For November’s new fiction, I’ve gathered together some of the most highly-anticipated tales set in history. This list has something for everybody: family drama, an international detective case, war and peace, and high court shenanigans. All in the service of a great month to read.
What’s that? You’re refraining from reading novels this month because you’ll be writing a novel instead? Go, you! Here’s your library’s guide to NaNoWriMo.

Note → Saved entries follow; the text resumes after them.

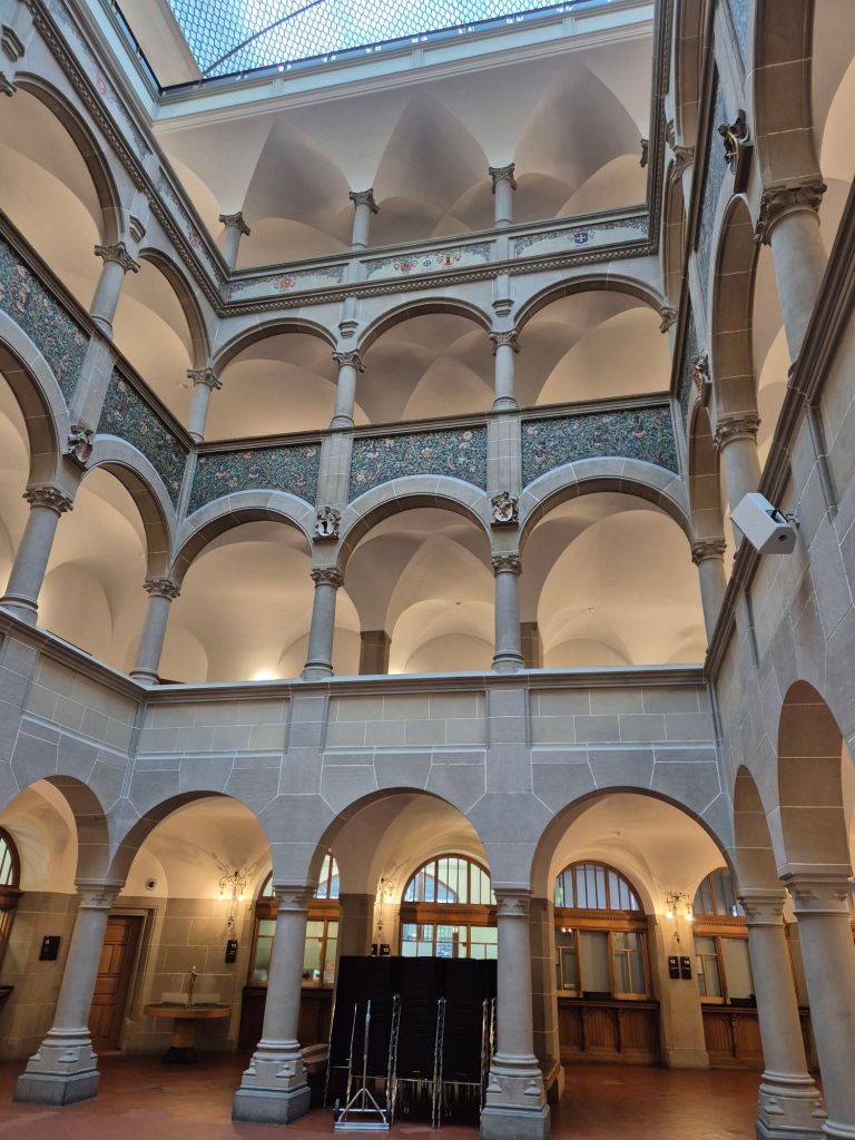 Die arkadenumgebene Gull-Halle bildet das architektonische Hauptmotiv im Innern des Stadthauses. Zwei Ansichten des alten Zürichs auf beiden Stirnseiten zieren die Wartehalle. Die Halle gestaltet sich, in Anlehnung an die italienische Renaissance, licht: Die Säulengalerien geben dem Raum etwas Beschwingt-Luftiges.
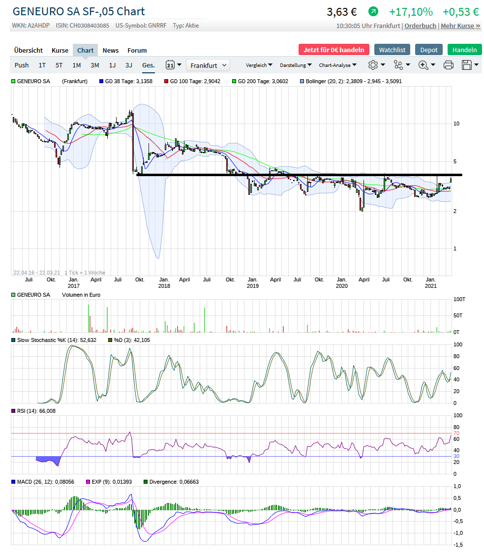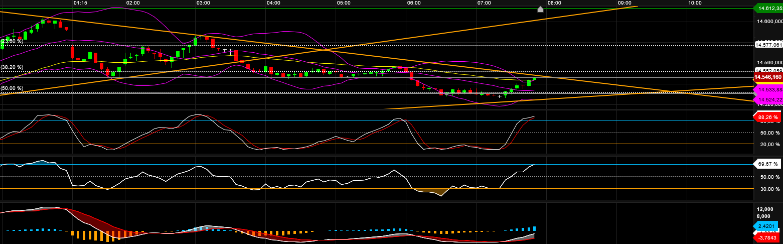Heute nochmal der Xetra-Dax: In der Tat kam gestern Dynamik rein. Wie vermutet, ging es erstmal runter in den Bereich um 14420. Anschließend folgte ein Rücklauf zum Ausbruchsniveau in den Bereich von 14520. Statt dann wieder nach unten abzudrehen und in meinen persönlichen Zielbereich in den Bereich von 14200 zu laufen, legte der Dax ein erstklassiges Reversal hin und schloss im Bereich 14620 und zog außerbörslich weiter nach oben. Die Tageskerze von gestern deutet an, dass es nun zunächst noch weiter nach oben gehen könnte in den Bereich 14800/14850 oder sogar bis zum oberen Bollinger in den Bereich um 15000, womit wir ein neues ATH erzielen würden. The Trend is your friend - alte Regel.
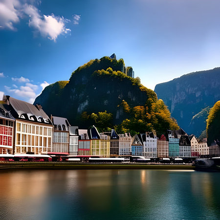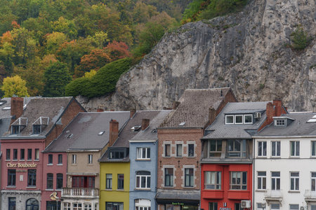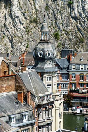 Dinant, Belgium - August 24, 2015 - The houses on the coast of Meuse river in Belgian old city.
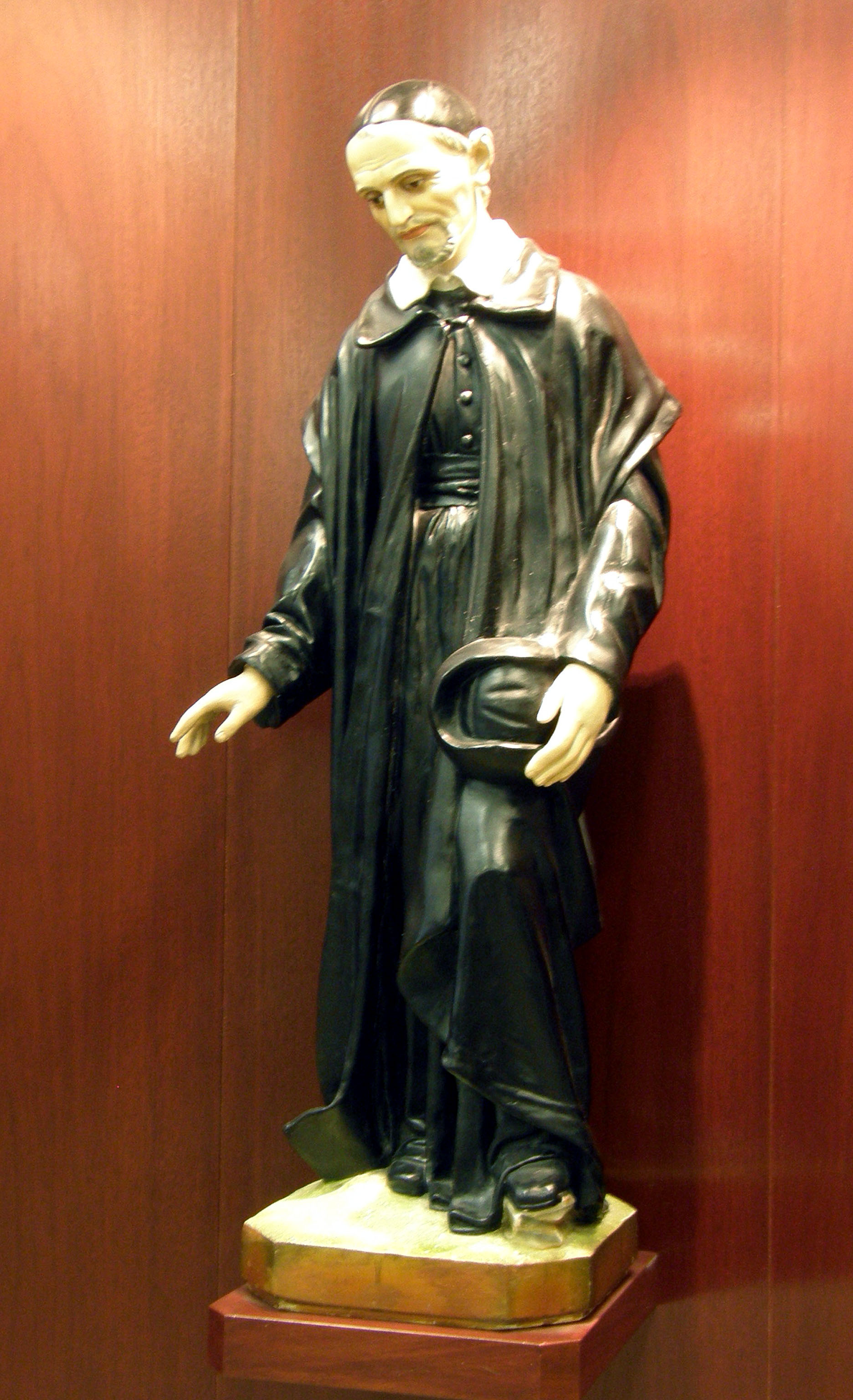 Carved wooden statue, Vincent de Paul, standing, cassock, mantle, skullcap, holding hat, gesturing down; original at DePaul University, Chicago
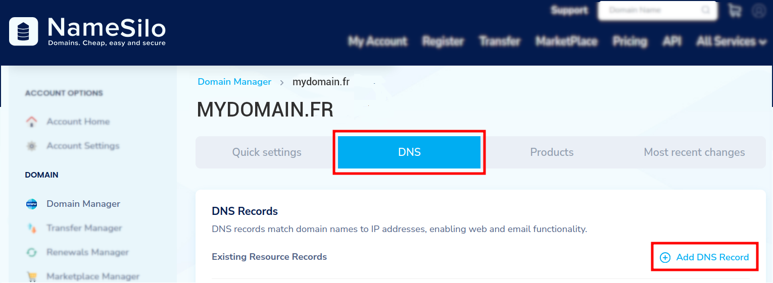 When your main domain is active in NameSilo, add a subdomain.
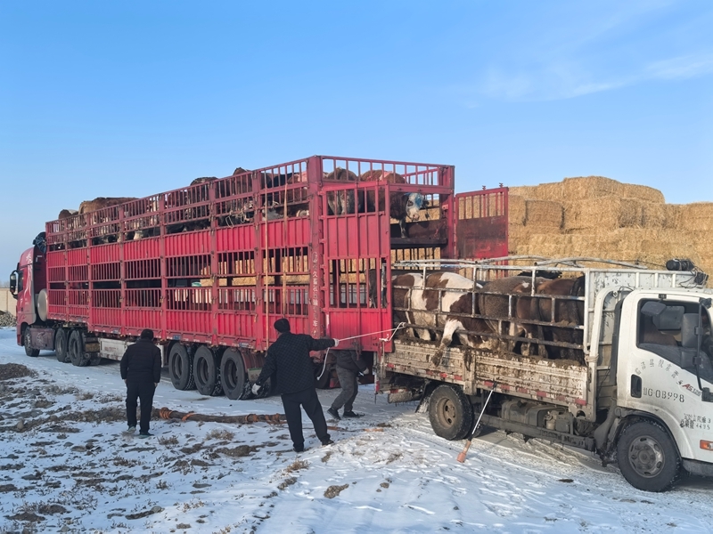 近日,走进临泽县凌峰养殖有限公司,标准化双列式温棚牛舍“非”字型排列,养殖户正在将圈舍内的褐牛装车发往市场。
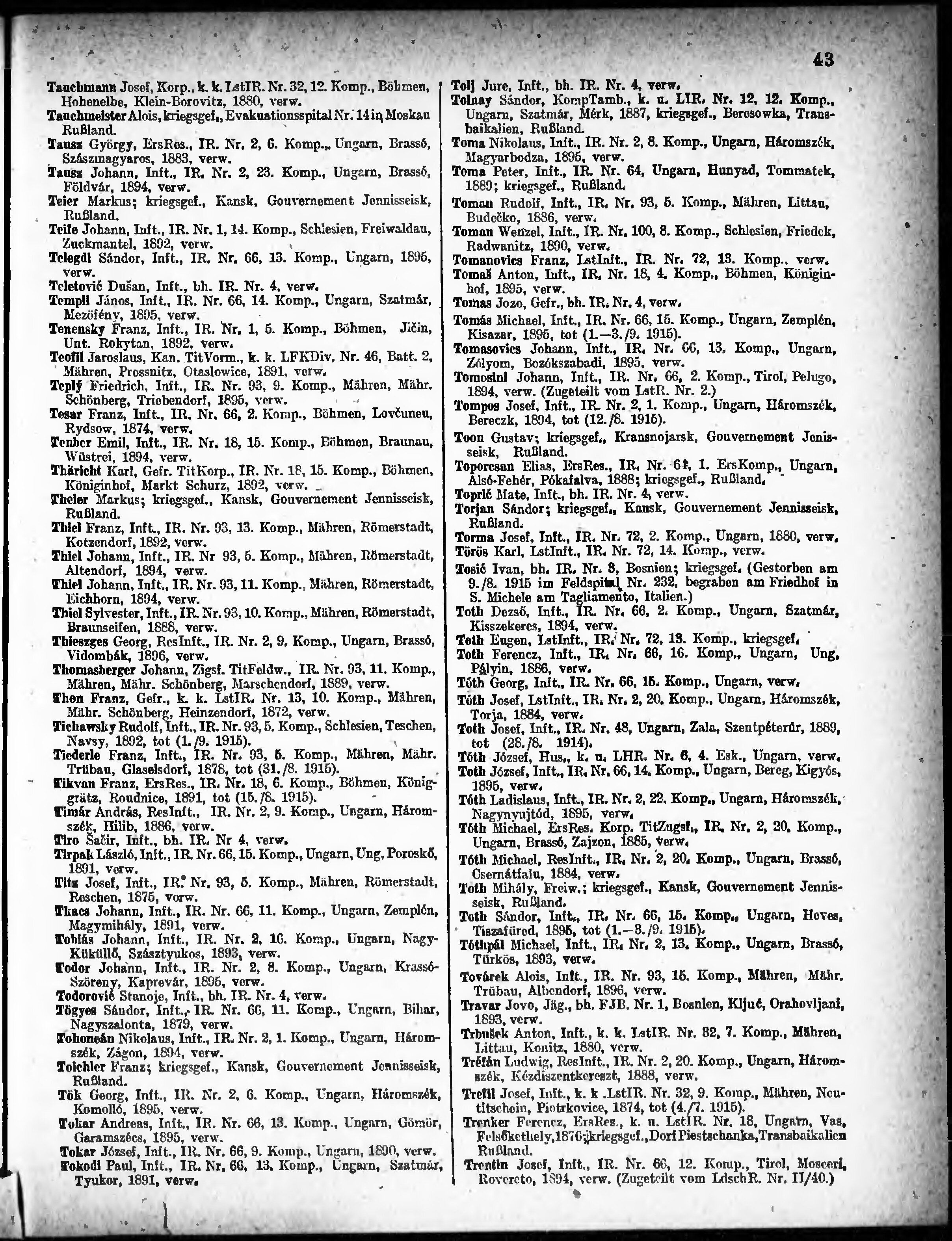 Verlustliste ausgegeben am
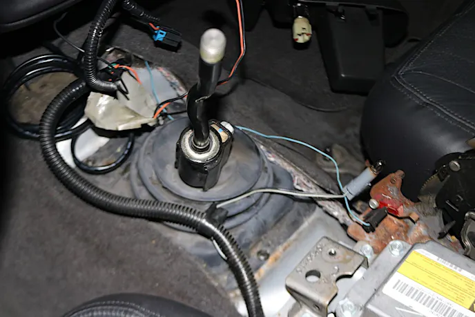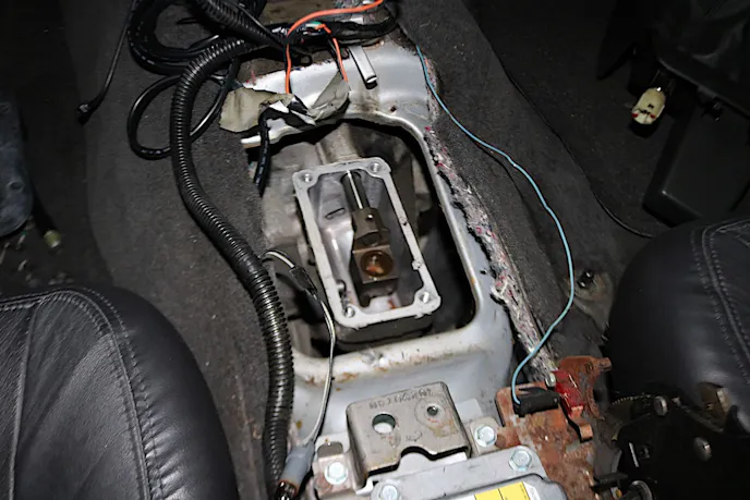 For our installation, we started by removing the center console along with the shifter. While all of this may not be necessary, it will make your life a lot easier when you go to unbolt the transmission from the bellhousing. The process is straight-forward and requires you to remove the shift knob by simply unscrewing it and then removing six bolts that free the center console from the body. Once these are out, and the hand brake is up, the console simply comes up and out of the way.
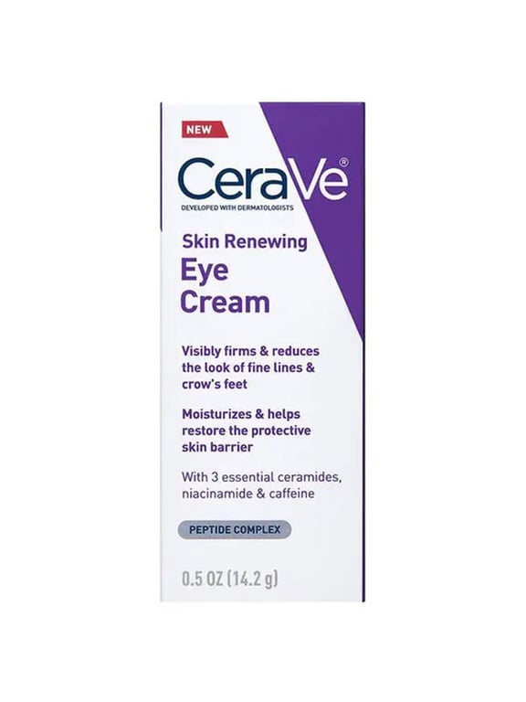 Cerave Skin Renewing Eye Cream (0.5 oz/14.2 g) visibly firms and reduces fine lines. This dermatologist-developed cream moisturizes, restores skin's barrier, and includes ceramides, niacinamide & caffeine. Shop now and revitalize your eye area!
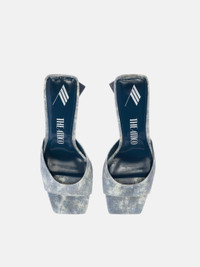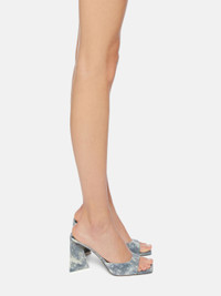 'Mini Devon'' mule in blue denim printed leather with pyramid heel, height 85mm. Made in Italy. Style 241WS772L091661 SIZE & FIT Model wears size 39. DETAILS Main leather: 100% calf bos taurus farm raised coo: Uganda, insole and lining: 100% goat leather dyed, capra hircus farm raised coo: India, sole: 100% bovine leather dyed, bos taurus farm raised coo: Western Europe, heel 85mm
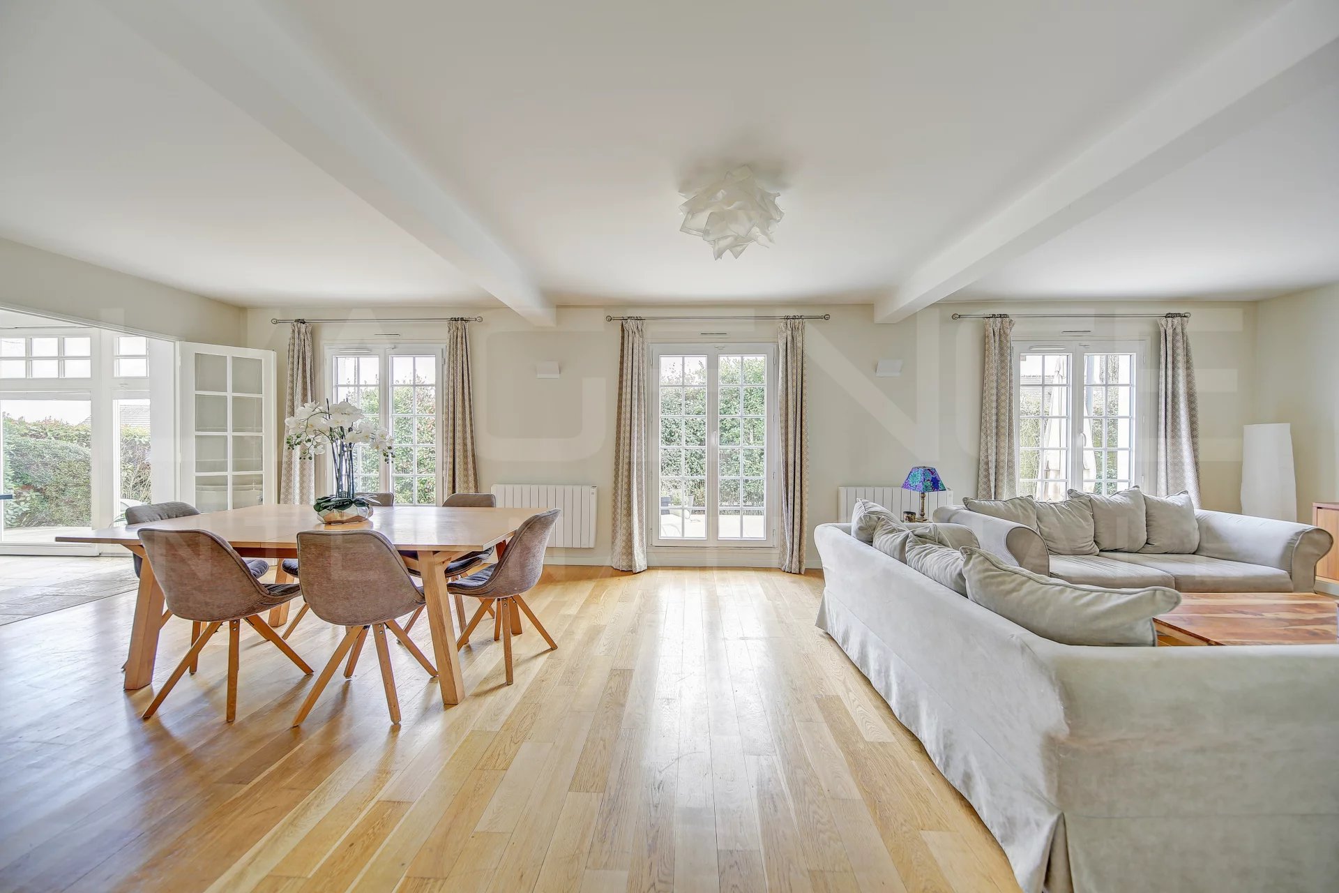 L’entrée, mise en valeur par un beau volume sous plafond, distribue un espace de réception lumineux d'environ 40 m² ouvert sur une cuisine contemporaine entièrement équipée. Une véranda de 14m² prolonge agréablement le séjour et apporte une touche de charme supplémentaire tournée vers l’extérieur. Le rez-de-chaussée comprend également une chambre ou bureau, des toilettes indépendantes et des rangements. À l’étage, quatre chambres spacieuses avec placards, dont une suite parentale avec dressing, salle d’eau avec baignoire et accès à une terrasse privative offrant une vue dégagée jusqu’à la Tour Eiffel. Une seconde salle de bains avec baignoire et douche ainsi que des toilettes séparées complètent ce niveau. Implantée sur un terrain paysager d'environ 750 m², la propriété dispose d’une large terrasse ensoleillée et d’un jardin soigneusement entretenu. En annexes : garage de 31 m², buanderie et chalet de jardin.

1. This House is Mine by Dorte Hansen
Alternating between the present and 1945, this story weaves the lives of two strong, independent, sometimes eccentric women who do, indeed, become a family. Anne is a carpenter by trade and a single mother with a young son, and her Aunt Vera, an unmarried dentist, lives in the dilapidated old homestead. As the renovations on the house progress, so does their relationship. – Library Journal
2. Desolation Flats by Andrew Hunt
Bennett’s debut novel, set in the U.S. Marine Corps base city of Oceanside, examines the consequences of secret decisions as they play out in the lives of three young people, decade by decade. The story is narrated in part by the eponymous mothers, a chorus of elder church women who demonstrate no compunction in judging and discussing the choices made by their fellow parishioners of the Upper Room Chapel. – Booklist Reviews
3. The Gun Room by Georgina Harding
A young English photographer’s life is forever altered by bearing witness, particularly to the aftermath of a U.S. raid on a village during the Vietnam War. There, he captures an image of an American soldier that becomes a powerful war photograph, intentionally symbolizing the agony of war and unintentionally exposing how photojournalism is also wounding. – Booklist Reviews
4. The Spy by Paulo Coelho
The fictional memoir of a woman who paid the ultimate price for daring to defy convention in a time and a place where a war was raging, and justice was consequently distorted. Coelho uses Mata Hari’s story to illustrate how an individual’s fate can be caught up in the effort by the powers-that-be to distract the public from the horrific realities of their circumstances. – Booklist Reviews
5. Victoria by Daisy Goodwin
With a PBS Masterpiece series about Victoria slated to begin in January 2017, this is going to be a book in high demand. Barely 18 when she becomes queen after her uncle’s death in 1837, Victoria had received little preparation to serve as monarch. Several prominent men would be happy for a regency to supplant her rule. Insisting on her authority, Victoria finds an ally and mentor in Prime Minister Lord Melbourne, a man old enough to be her father.